Firms can do more for society

Most businesses today are looking for opportunities that can promote the principles of shared value effectively.

Specifically, businesses are starting to shift focus from the obsession on Return on Investment or maximising profits, and short-term corporate social investments to address problems in society, thereby becoming leaders of positive change in the community.

This leads to long-term profits, relevance in society and a strong shared value.

One of the issues that keeps on coming up in the corporate world discussions is the need to innovate beyond processes or products.
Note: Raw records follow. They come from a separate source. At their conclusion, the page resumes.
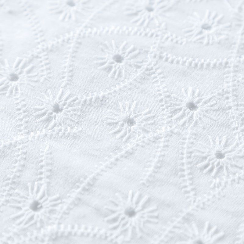 Итальянское шитье на белоснежной хлопковой основе с абстрактной, элегантной вышивкой, расположеннной по всему полотну. Ткань мягкая, легкая, пластичная, приятная на ощупь, просвечивает, потребуется подклад. Обе кромки ткани оформлены фигурными фестонами. Идеально подойдет для пошива рубашки, блузы, топа в воланами, туники, платья, сарафана, юбки, шорт.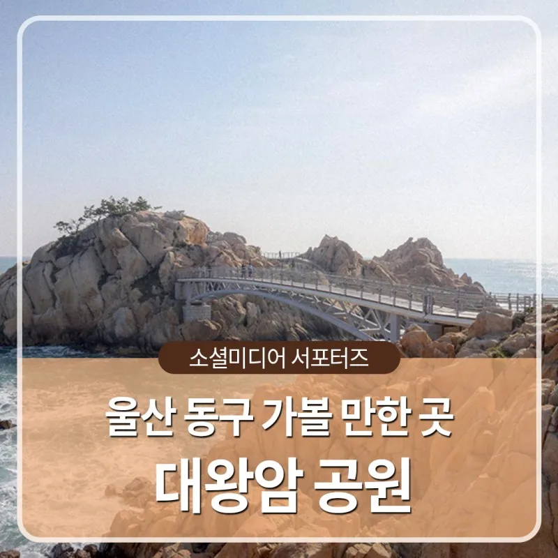 서포터즈 활동으로 발대식에 다소 큰 충격을 받았지만, 울산에서도 별도의 섬처럼 분류가 되는 동구의 상황상 다른 구, 군청에 비해서 여러 가지 부분에 있어서 아쉬움이 크다. 하지만 울산 동구가 기지고 있는 관광자원들은 전국적으로도 경쟁력을 갖추고 있는 곳들이 많다. 다만 잘 알려지지 않았거나 불편한 교통편으로 인해 직접적으로 방문이 어려운 것 또한 사실이다. 서포터즈의 입장에서 소개했으면 좋겠는 곳이 있어서 첫 글로 소개해 보려고 한다. 바로 대왕암 공원인데, 최근 출렁다리가 문을 열면서 전국적으로 크게 주목을 받았던 울산 동구를 대표하는 관광지이기도 하다.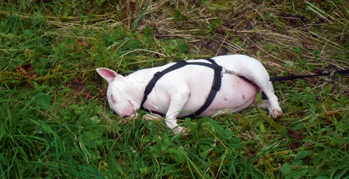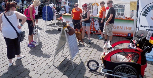 Zum Gedenken an einen von drei Männern auf ­offener Straße zu Tode geprügelten Bullterrier haben sich die beiden Bullterrier-Freunde Axel Keil und Daniela Weiland zu Fuß auf den Weg ­begeben – und zwar von Marburg nach Köln. Ihre drei Bullterrier hatten sie mit dabei.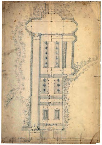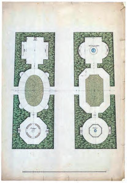 238 & 239. C.W. Carlberg: Ritningar till norra trädgårdens terrasser (238) respektive södra trädgårdens boskéer (239), omkring 1786. Den norra trädgården är, från norr, uppdelad i (a) Tvärskeppet med 7 meter höga klippta boskéer – häckar, (b) första terrassen med treillage till höger, (c) andra terrassen med formklippta träd, (c) tredje terrassen med 26 urnor, (d) fjärde terrassen med planteringsgårdar, (e) femte terrassen kallad Norra gården omgiven av balustrader prydda med sfinxer och grupper av putti, jämför Weinbergs akvarell från norr [252].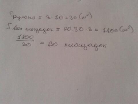 Рулон специального покрытия для детских площадок имеет ширину 3 метра и длину 10 метров. Планируется построить три одинаковых прямоугольных площадки размером 20 на 30 метров. Сколько рулонов для этого потребуется?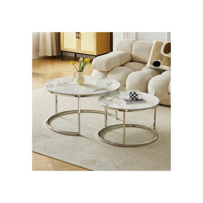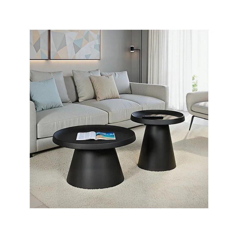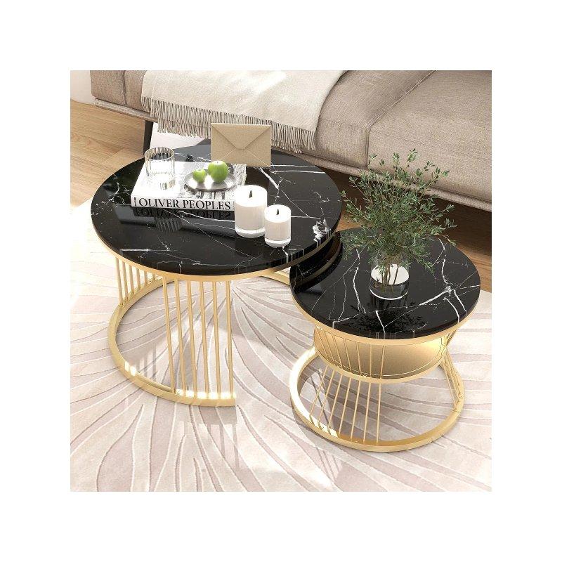 Siyah Metal Çerçeveli Şeffaf Cam Orta Sehpa 119×56 cm (2 Li Set) – 102730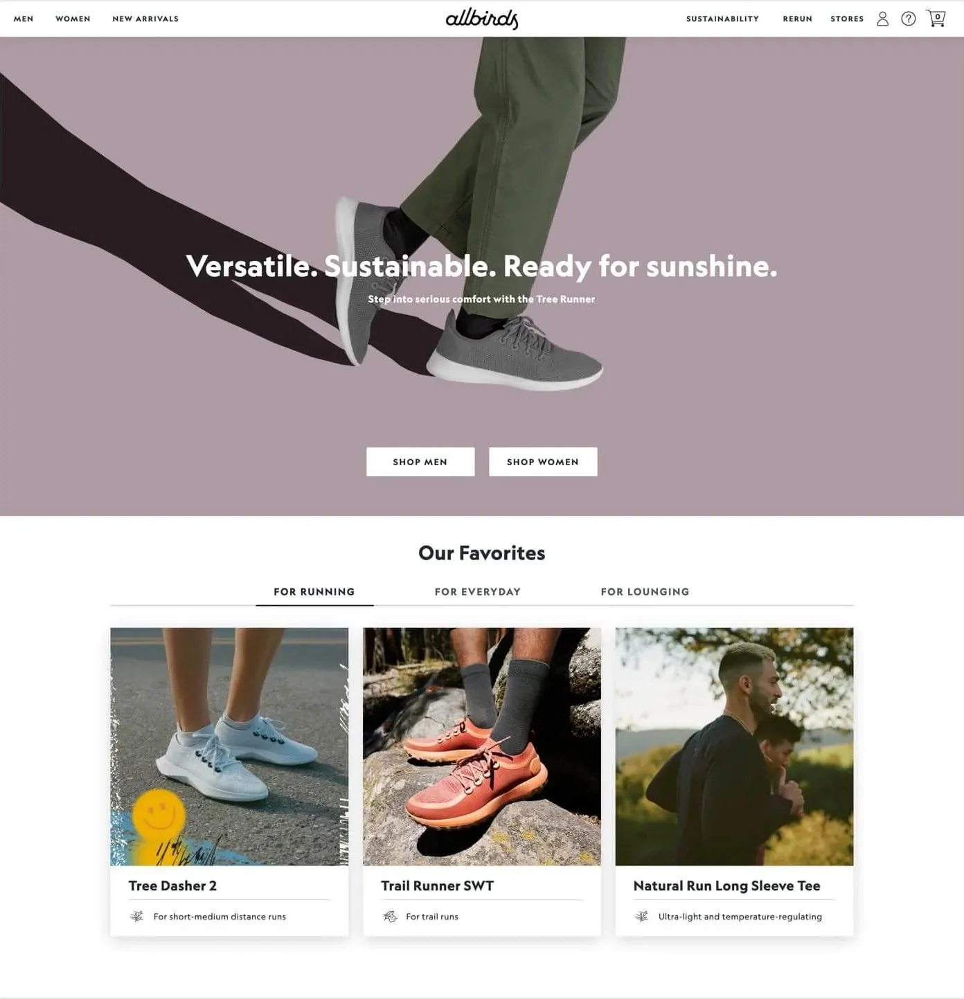 Using Allbirds as the perfect example, they pack a punch directly when a user lands on their website with an engaging product photo, catchy headline, and 2 direct call to actions for immediate engagement / a smooth userflow.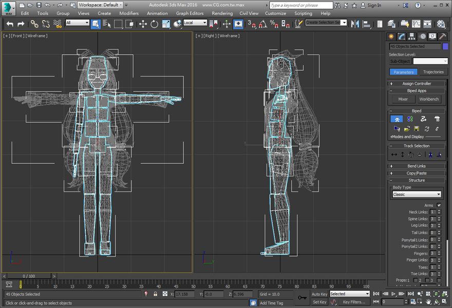 在 Biped 圖層建立 Biped (兩足動物骨架)。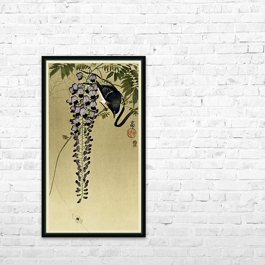Flycatcher at wisteria 1900 - 1910 by Ohara Koson 1877-1945. Picture Frame Printing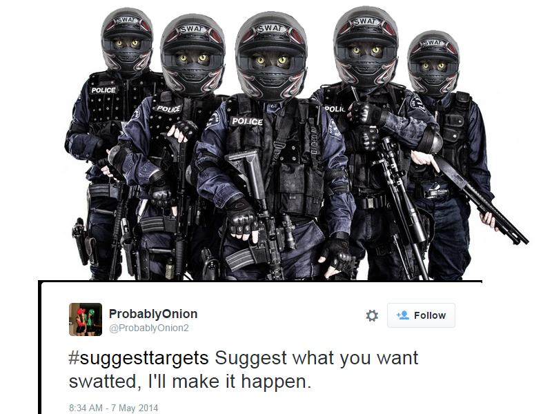 @LizardUnits Is @FinestSquad Swatted yet? Or should I step in and do it myself 😉 Fri Dec 19 00:49:19 +0000 2014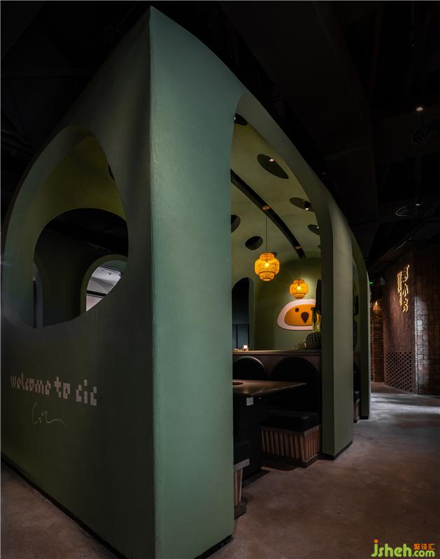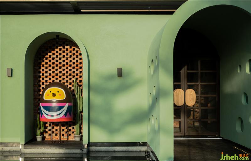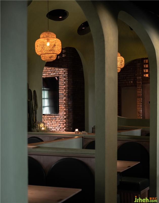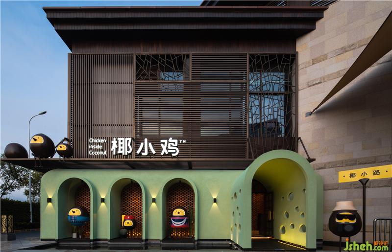 風格,為本身就具有少數(shù)民族文化特色的地方帶來了新建筑形式。作為一種延續(xù),在本土文化與創(chuàng)新之間要取得商業(yè)平衡,適應當下消費文化,餐廳設計上就需要擯棄陳年老調(diào),改革換新。紅磚綠瓦、木柳相契,紅磚墻與拱形門兩種鮮明的東西方建筑元素傳承本土性,而不拘泥平俗的灰綠色色彩代表海南獨有的椰林碧海,這些象征著歷史人文和工匠精神的元素,通過設計的重新演繹,支撐了椰小雞品牌背景與唯一性。

Businesses are becoming more aware of the need to find solutions for problems in the communities in which they operate.

This is an indication of a positive purpose and that the business is also thinking long-term.

As financial institutions, this does not necessarily discount our main task, which is to ensure the security of customers' funds and wealth creation.

It means integrating a positive purpose that helps us think about people more and the all-important human context to financial products.

Issues that were previously considered secondary for chief executives and board members – matters once handled by companies’ stakeholder-relations, marketing, CSI, and human resource departments – have become important determinants of the institution's capacity to create and sustain social environmental and economic value.

Such issues include job creation, health, education, climate change, poverty reduction, financial inclusion for minority groups, food security, and other aspects of environmental stewardship.

These are increasingly being recognised as bottom-line determinant issues in a world where technology, regulation, and other features of the operating environment can change quickly.

Additionally, more organisations are recognising that diversity in the workforce is not just a ‘nice to have’, it is a business imperative and is everyone’s responsibility.

By drawing from a diverse pool of individuals within the respective geographies, companies can attract and retain the best employees while offering exceptional value to clients and stakeholders.

At Stanbic Bank, for example, 48 per cent of the employees are women, 75 per cent of the total number of employees are below 40 years, and three were differently-abled as of December 2019.

As a financial institution that believes in shared value, Stanbic Bank, through its Foundation has embarked on financial inclusion programmes aimed at bringing to the banking sector across Kenya and South Sudan, those who have had limited or no access to financial services.

The designed interventions have the possibility of changing the lives and livelihoods of the targeted as well as empowering entrepreneurs to create wealth. When society benefits, businesses benefit.

On this purpose-driven focus, we have had to appreciate the context in which we are operating today. Under the Covid-19 pandemic, what role can we play to rebuild and rebound beyond donations and public proclamations?

We need to invest in long-term partnerships driven by a common agenda that is aligned with national government priorities.